Вендиго — страница 23 из 38

Он мгновенно оказался во власти холода и шума потока, а горло и уши наполнились пеной. Жюстиньен беспорядочно бил руками и ногами, и ему удалось высунуть голову из воды, чтобы глотнуть воздуха. Но, несмотря на все усилия, течение уже готово было унести его, когда Мари схватила его за запястье и с неожиданной силой вытащила на поверхность. Жюстиньен широко открыл рот и вдохнул воздух, будто воскреснув из мертвых. Мари помогла ему подняться на камни, а затем повела его, едва стоящего на ногах, обратно к берегу, не упуская из виду и другой свой чудесный улов – розового лосося, который судорожно бился на конце ее гарпуна.


Пока Жюстиньен посиневшими пальцами избавлялся от промокшей одежды, Мари разожгла огонь. С каким наслаждением он завернулся в свой тулуп. К счастью, Берроу был выше и массивнее его, а потому одежда оказалась достаточно широкой, чтобы в ней можно было сидеть, подогнув под себя ноги.

Так он и устроился у костра. Мари отрезала кусок лосося и насадила его на острие гарпуна. Жюстиньен распутал пальцами свои влажные волосы. Теперь, когда он согрелся, ситуация показалась ему… почти приятной. Он уже целую вечность не был таким чистым. Бледное солнце продолжало светить, наполняя светом травы и мхи. В воздухе витал аромат весны и жирной жареной рыбы. У Жюстиньена текли слюнки. Мари оторвала для него с гарпуна кусочек розовой мякоти, и молодой человек тут же жадно проглотил его. Мари улыбнулась. Не церемонясь, он вытер тыльной стороной руки жир, стекающий по подбородку. На какое-то мгновение ему представилось, будто он на загородной прогулке. Он вытянул одну ногу из-под своего мехового кокона, позволил теплу пламени струиться по его слишком светлой коже. Мари поднесла к огню еще один кусок лосося. Жюстиньен повернулся к путешественнице, стремясь встретить ее взгляд из-под вновь опущенной треуголки.
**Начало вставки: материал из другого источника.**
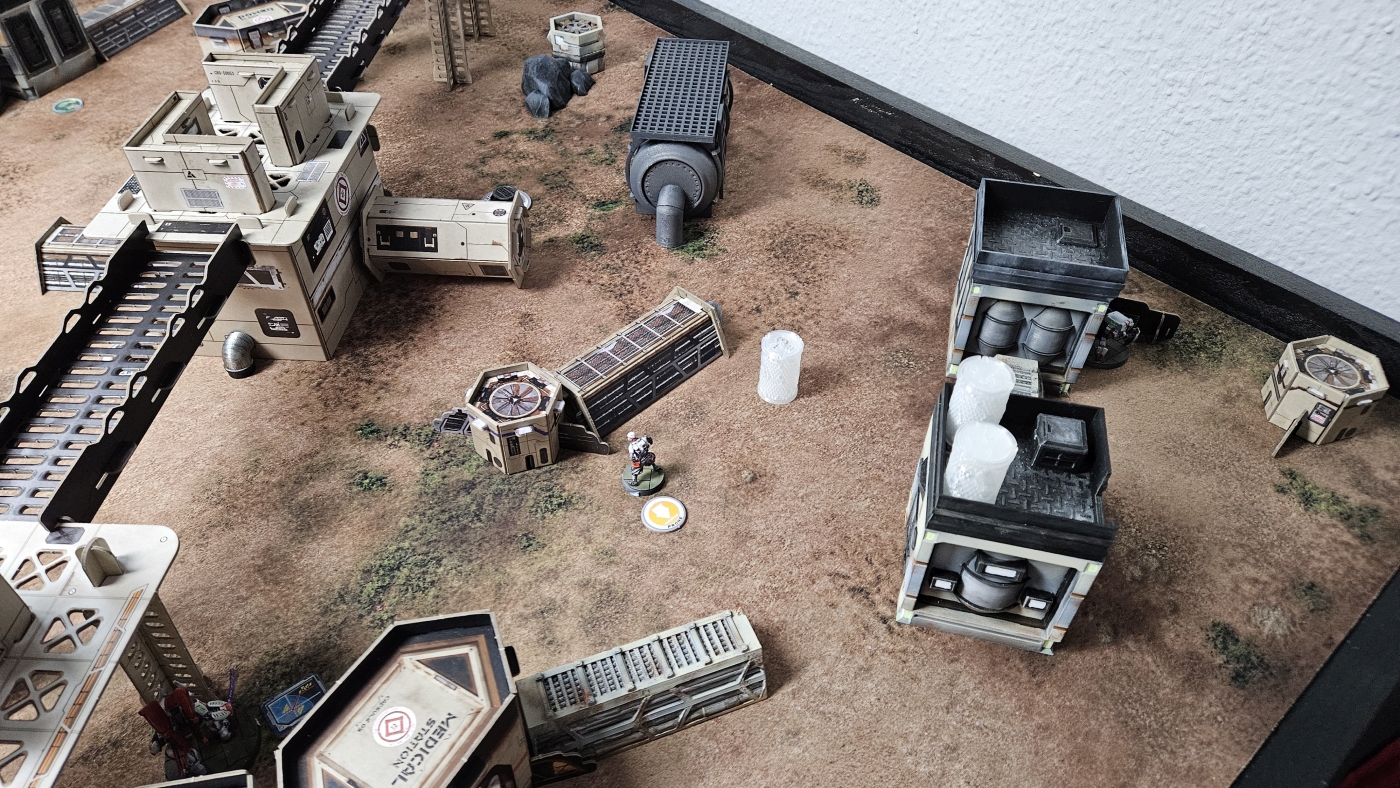 Mein zweiter Turn war etwas durchwachsen, da diverse Versuche sicher an das mittlere Missionsziel zu kommen scheiterten und einige Befehle fraß, was aber per Combined Order insgesamt dennoch effizienter ablief. Immerhin konnte mein Paramedic den vorherigen Token vom Shikami einsammeln und verstecken, bevor dieser den mittleren einsammelte und sich nur minimal zurückzog, leider.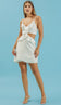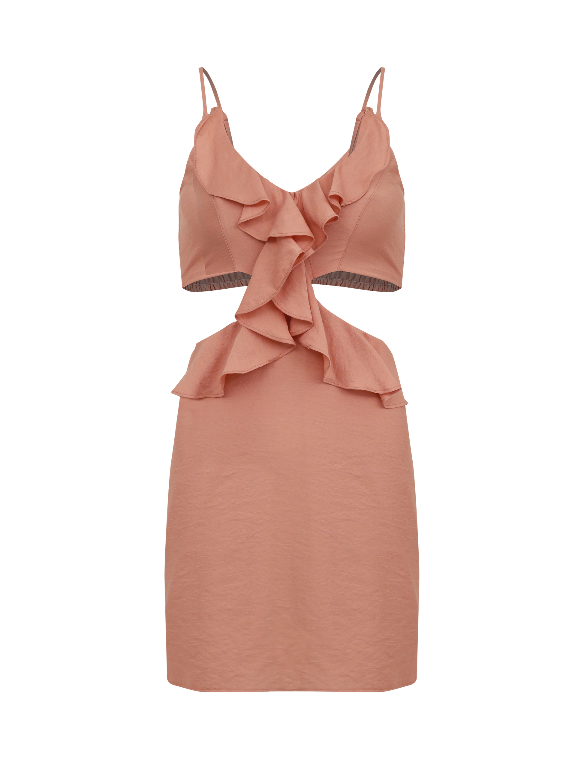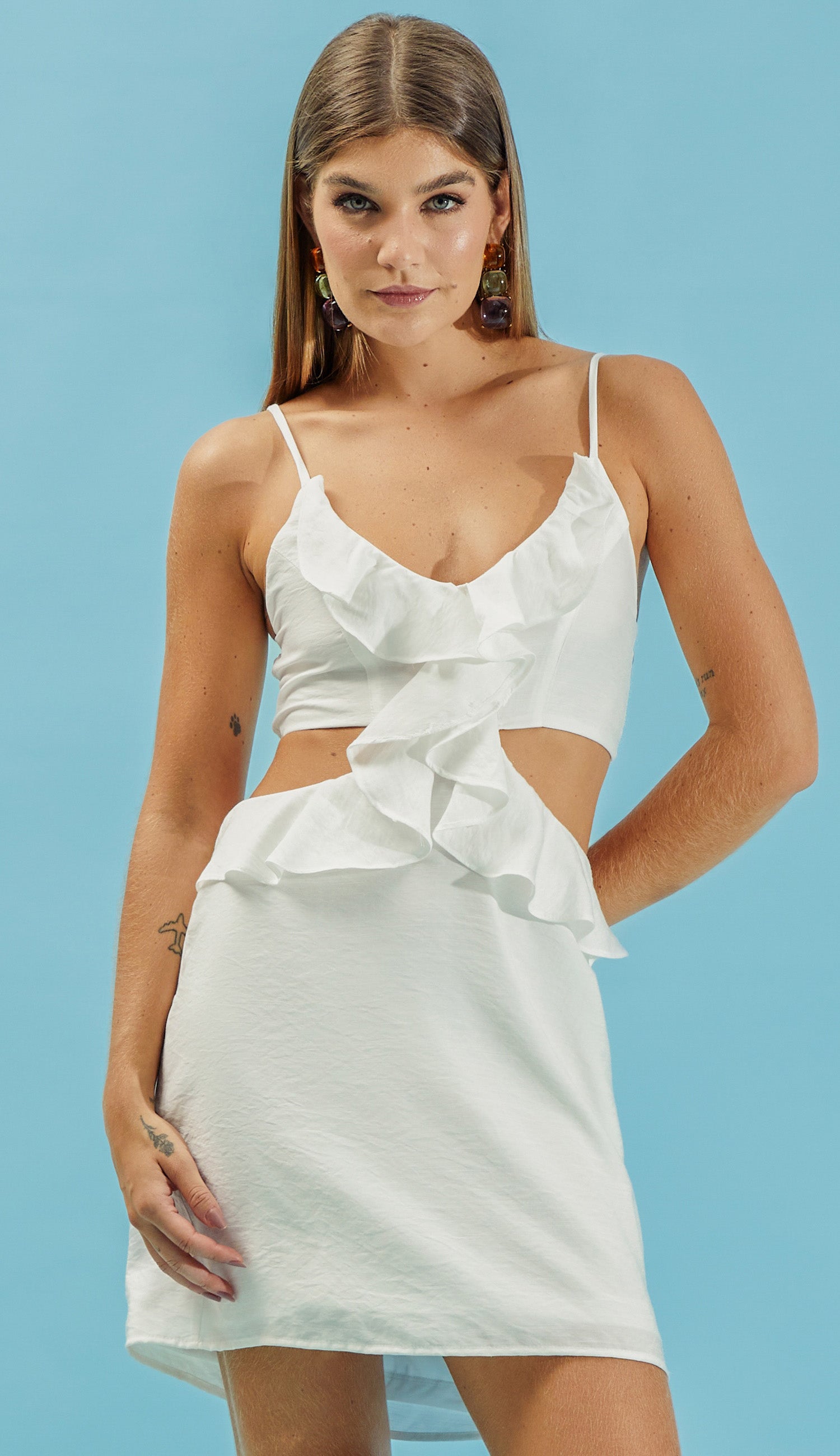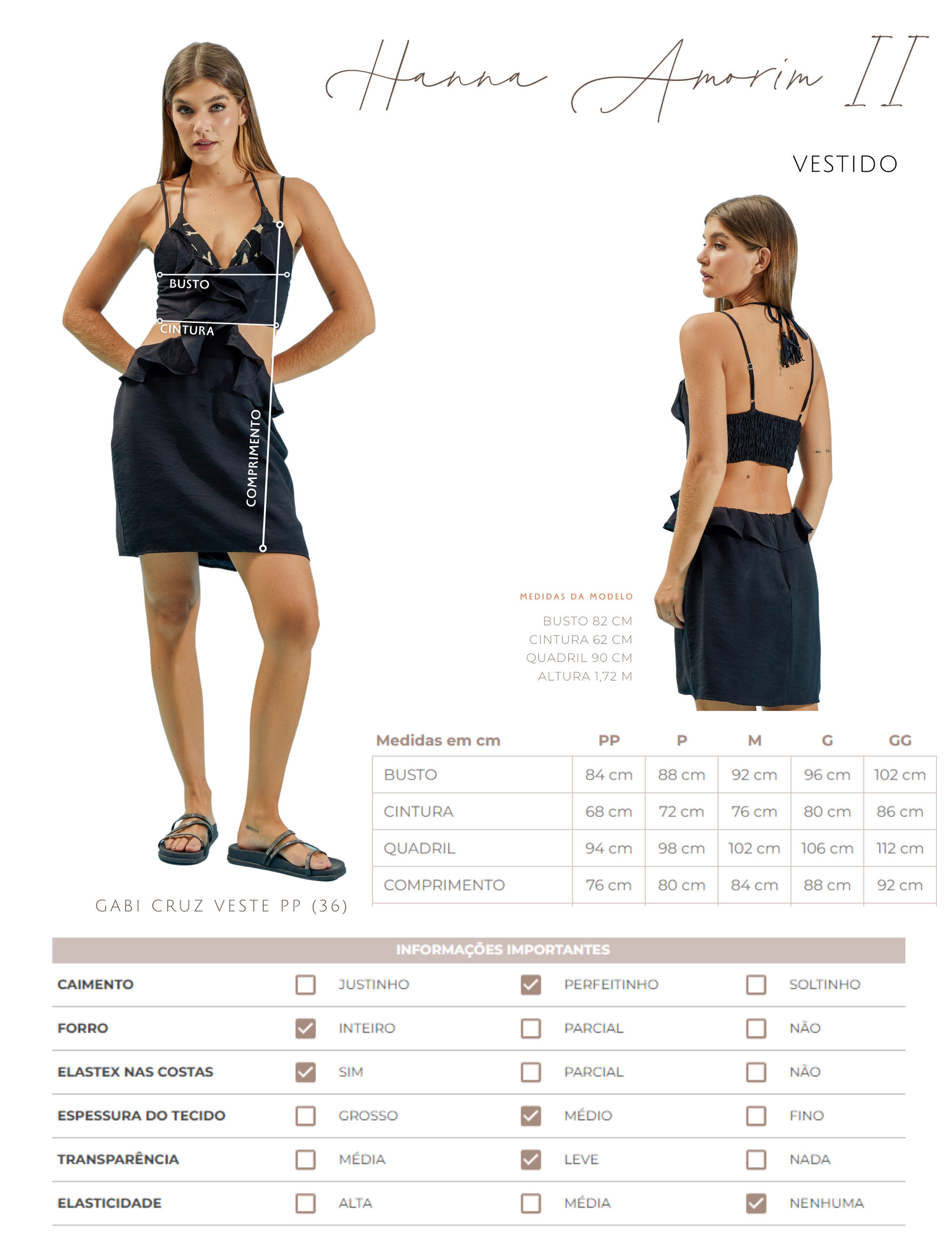 Vestido curto com forro; confeccionado em poliviscose com aspecto de liocel, aparência amassadinha e efeito levemente cintilante no tecido. Possui decote em U, alcinhas reguláveis, busto fixo à saia apenas por recorte frontal, deixando toda a região da cintura à mostra; aplicação de babado no decote e em todo o recorte da cintura; lastex franzido nas costas do busto para melhor ajuste ao corpo e elástico franzido nas costas da saia, junto com fechamento traseiro por zíper invisível. O aspecto de 'tecido nobre' dá um ar sofisticado ao look.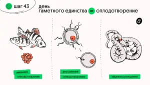 Внешнее оплодотворение происходит в окружающей среде. Все точно слышали про икру рыб, кто-то даже кушал её. Так вот сначала женская особь откладывает икру, после чего «мужчины» приплывают и оплодотворяют икринки. Важным условием этого мероприятия является вода, или хотя бы влажная среда: яйцеклетки защищены от высыхания, а сперматозоиды способны передвигаться.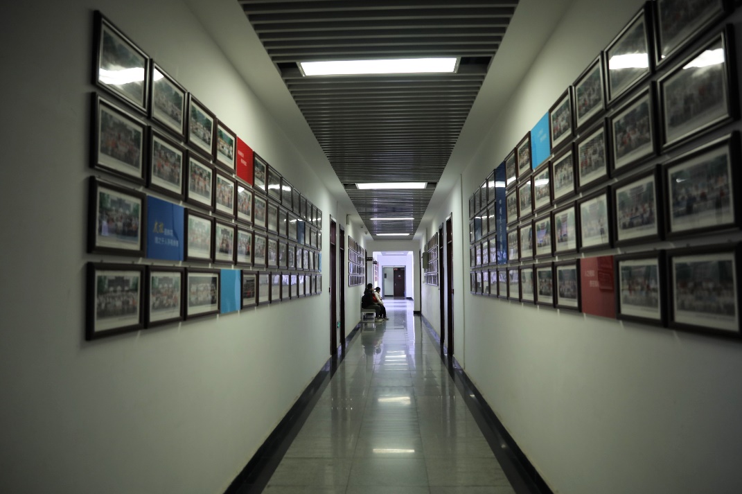 化学工程学院二层楼梯处,整墙展示着院训——“立足基础 面向工业 服务社会”,校徽与文字“四川大学化工学院”落于上方。立足理论研究攻克化工科学难题,面向实践难题实现成果工程化应用,服务国家和区域经济社会发展,这一直是代代川大化工人的科研精神和事业追求。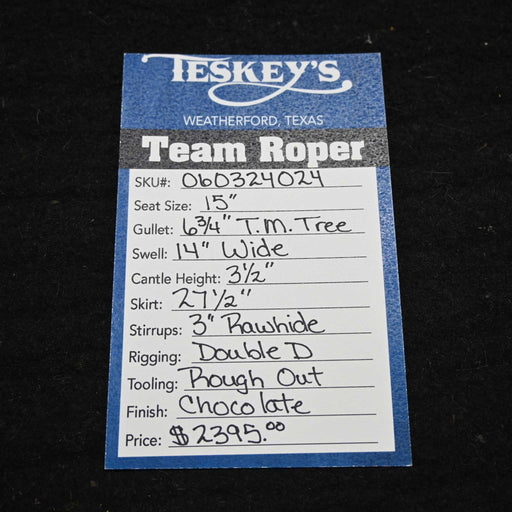 Teskey's SaddleryThis new 15" Teskey's Team roping saddle comes in a chocolate roughout with a hard seat. For more information call a saddle salesman today at 888-9...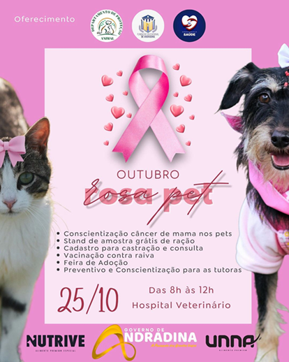 O Departamento da Causa Animal de Andradinal, estará realizando no próximo sábado (25/10) a campanha “Outubro Rosa Pet”. O evento acontecerá das 8h às 12h no Hospital Veterinário de Andradina. Segundo o secretário de Agricultura e Meio Ambiente, Fabrício Mazotti, diversas ações serão desenvolvidas no local com objetivo de promover o bem estar dos pets.

– Почему ты спасла мне жизнь? – внезапно спросил он.

Мари улыбнулась еще более открыто.

– Интересный вопрос… Без сомнения, не мне суждено тебя убить. И потом, ты недавно встал на сторону Пенни. Ты не обязан был это делать. – Она перевернула рыбу и добавила: – Ты же ничего не видел, да?

– Я ничего не видел, – с готовностью признал молодой человек. – Но пастор… То, что он сказал своей дочери… – Он поудобнее прислонился к стволу дерева и медленно продолжил: – Мой отец… Для него моя мать была жеманницей и шлюхой. Не ведьмой, это было уже не модно. И он с радостью признал бы меня если не сыном дьявола, то хотя бы сыном духовника или мастера игры на клавесине. К сожалению для него, во мне слишком ярко проявились родовые черты Салеров и он не мог таким образом отречься от меня.

Жюстиньен запрокинул голову назад и закрыл веки, чтобы насладиться лучами солнца на своем лице.

– Моя мама любила математику, звезды, философию… И в моих воспоминаниях она всегда улыбается. Я тогда был ребенком и думал, что она счастлива…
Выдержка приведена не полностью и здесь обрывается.